That autism also happens in higher numbers in children from multiple pregnancies, who are also much more likely to be premature, suggests to me that prematurity may indeed be a contributing factor in some cases.
Unless you had an immunodeficiency disorder, this is not a credible scenario. A defective vaccine would have caused an outbreak traceable to the vaccine.
This was very early in the history of the vaccine. It was a live attenuated vaccine. My cohort was told we needed to be revaccinated because the vaccine wasn’t uniformly produced, and some batches were too attenuated to work properly. While it might just have been that my brother had traditional measles symptoms and i was sick for a month due to a weird immune response, it also seems plausible that our batch wasn’t attenuated enough and we caught measles.

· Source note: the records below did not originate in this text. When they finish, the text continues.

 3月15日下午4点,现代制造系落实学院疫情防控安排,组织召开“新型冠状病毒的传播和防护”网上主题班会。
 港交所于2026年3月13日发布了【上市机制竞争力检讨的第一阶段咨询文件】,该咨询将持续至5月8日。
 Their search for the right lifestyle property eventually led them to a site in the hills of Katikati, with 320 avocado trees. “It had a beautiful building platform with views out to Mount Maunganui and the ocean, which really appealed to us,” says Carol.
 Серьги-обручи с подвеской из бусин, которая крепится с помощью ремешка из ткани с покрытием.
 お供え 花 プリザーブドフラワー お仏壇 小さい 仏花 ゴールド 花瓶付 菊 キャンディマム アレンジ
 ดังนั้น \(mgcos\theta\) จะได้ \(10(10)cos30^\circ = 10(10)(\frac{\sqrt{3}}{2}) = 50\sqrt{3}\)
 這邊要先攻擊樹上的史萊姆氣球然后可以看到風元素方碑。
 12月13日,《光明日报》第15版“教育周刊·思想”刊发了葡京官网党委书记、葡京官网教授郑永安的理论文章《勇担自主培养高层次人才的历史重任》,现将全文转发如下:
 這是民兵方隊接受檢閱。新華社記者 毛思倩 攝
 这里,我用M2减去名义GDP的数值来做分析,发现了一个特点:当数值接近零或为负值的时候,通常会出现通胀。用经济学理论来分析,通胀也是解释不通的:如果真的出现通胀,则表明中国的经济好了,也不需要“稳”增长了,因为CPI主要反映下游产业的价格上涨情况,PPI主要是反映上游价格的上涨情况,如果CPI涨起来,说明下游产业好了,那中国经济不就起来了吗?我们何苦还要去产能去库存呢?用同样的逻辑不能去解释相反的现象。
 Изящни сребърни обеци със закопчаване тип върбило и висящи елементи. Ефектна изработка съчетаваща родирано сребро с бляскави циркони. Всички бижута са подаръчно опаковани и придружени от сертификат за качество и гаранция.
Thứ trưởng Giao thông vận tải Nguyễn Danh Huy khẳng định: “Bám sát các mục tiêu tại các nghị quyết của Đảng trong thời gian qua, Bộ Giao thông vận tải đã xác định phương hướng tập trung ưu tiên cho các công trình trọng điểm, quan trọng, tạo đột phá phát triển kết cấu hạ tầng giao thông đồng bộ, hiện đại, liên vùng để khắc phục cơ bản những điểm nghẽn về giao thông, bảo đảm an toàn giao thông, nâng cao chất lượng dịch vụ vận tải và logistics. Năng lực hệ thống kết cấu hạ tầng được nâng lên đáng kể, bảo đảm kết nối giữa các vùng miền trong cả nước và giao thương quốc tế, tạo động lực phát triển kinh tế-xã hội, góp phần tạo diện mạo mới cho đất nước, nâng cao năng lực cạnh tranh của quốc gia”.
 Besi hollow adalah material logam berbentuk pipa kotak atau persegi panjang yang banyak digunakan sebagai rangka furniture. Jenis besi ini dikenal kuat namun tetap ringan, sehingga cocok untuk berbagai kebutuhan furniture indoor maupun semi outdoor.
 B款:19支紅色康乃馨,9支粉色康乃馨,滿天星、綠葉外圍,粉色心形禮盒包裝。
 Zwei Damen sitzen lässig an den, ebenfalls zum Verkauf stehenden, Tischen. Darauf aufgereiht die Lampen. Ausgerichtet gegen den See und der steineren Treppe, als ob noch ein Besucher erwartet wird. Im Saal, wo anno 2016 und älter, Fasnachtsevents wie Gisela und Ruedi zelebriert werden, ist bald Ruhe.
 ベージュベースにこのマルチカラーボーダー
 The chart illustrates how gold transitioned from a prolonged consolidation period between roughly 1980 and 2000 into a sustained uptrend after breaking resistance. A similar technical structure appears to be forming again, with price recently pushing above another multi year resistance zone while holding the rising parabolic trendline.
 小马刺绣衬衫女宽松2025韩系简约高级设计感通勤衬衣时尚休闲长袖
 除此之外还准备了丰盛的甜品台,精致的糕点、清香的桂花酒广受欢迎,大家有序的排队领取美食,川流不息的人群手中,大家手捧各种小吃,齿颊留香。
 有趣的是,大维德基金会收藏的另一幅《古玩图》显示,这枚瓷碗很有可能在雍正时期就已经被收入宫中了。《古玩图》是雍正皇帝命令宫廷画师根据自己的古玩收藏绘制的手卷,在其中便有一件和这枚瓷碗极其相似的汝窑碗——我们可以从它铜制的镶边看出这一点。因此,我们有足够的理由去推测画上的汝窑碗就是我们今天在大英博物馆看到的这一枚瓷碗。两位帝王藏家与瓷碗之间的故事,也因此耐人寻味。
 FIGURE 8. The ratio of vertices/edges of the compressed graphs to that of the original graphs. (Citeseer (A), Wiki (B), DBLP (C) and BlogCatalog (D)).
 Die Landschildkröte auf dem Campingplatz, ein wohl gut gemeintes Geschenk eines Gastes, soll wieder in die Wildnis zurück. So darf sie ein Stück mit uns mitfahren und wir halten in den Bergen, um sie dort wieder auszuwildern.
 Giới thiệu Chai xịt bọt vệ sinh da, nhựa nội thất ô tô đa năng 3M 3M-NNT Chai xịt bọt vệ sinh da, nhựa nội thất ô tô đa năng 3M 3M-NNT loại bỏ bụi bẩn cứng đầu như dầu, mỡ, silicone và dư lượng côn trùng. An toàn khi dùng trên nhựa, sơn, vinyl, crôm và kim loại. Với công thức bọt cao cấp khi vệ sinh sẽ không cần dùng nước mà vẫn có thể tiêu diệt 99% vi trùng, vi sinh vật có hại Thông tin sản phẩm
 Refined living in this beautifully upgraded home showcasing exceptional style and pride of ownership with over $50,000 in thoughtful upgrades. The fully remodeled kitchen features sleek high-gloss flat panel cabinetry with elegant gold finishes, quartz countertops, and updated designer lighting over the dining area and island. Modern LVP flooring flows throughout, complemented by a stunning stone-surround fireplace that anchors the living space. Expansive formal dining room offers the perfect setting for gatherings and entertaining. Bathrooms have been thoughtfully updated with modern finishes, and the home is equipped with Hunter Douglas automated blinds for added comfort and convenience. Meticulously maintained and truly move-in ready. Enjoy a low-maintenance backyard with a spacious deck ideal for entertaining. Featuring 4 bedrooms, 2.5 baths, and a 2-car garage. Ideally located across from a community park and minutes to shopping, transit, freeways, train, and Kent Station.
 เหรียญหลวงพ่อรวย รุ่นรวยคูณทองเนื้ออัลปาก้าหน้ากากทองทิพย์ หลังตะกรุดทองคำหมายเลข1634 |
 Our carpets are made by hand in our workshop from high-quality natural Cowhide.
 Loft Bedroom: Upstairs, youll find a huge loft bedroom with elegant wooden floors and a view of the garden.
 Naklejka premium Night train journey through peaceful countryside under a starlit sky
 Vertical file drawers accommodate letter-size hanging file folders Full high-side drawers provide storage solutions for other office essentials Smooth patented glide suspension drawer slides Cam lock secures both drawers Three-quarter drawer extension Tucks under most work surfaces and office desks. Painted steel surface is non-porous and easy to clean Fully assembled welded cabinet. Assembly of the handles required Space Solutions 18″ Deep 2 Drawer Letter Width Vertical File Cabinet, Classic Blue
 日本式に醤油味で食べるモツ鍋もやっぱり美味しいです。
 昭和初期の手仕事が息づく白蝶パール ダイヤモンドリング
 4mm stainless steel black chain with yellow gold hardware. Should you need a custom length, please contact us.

It is because i was afraid it was a weird immune response, and not a case of measles, that i got tested for immunity, though.
Back in the early days of polio vaccines, there was The Cutter Incident, where a batch containing a strain of super-strength polio virus accidentally made its way into the live-virus vaccine pool. I can’t believe it isn’t better known, although I’ll grant that it’s faded into the mist of medical history.
There were multiple problems leading to the tragedy, including failure by Cutter to inactivate vaccine virus and insufficient safety testing. Paul Offit explains what happened in this book.
I’ve read it. It was a failure on multiple levels.
The issue is addressed in the PBS “American Experience” program about polio, but don’t watch the snipped 1-hour version. Watch the full 2-hour program to get more of the story.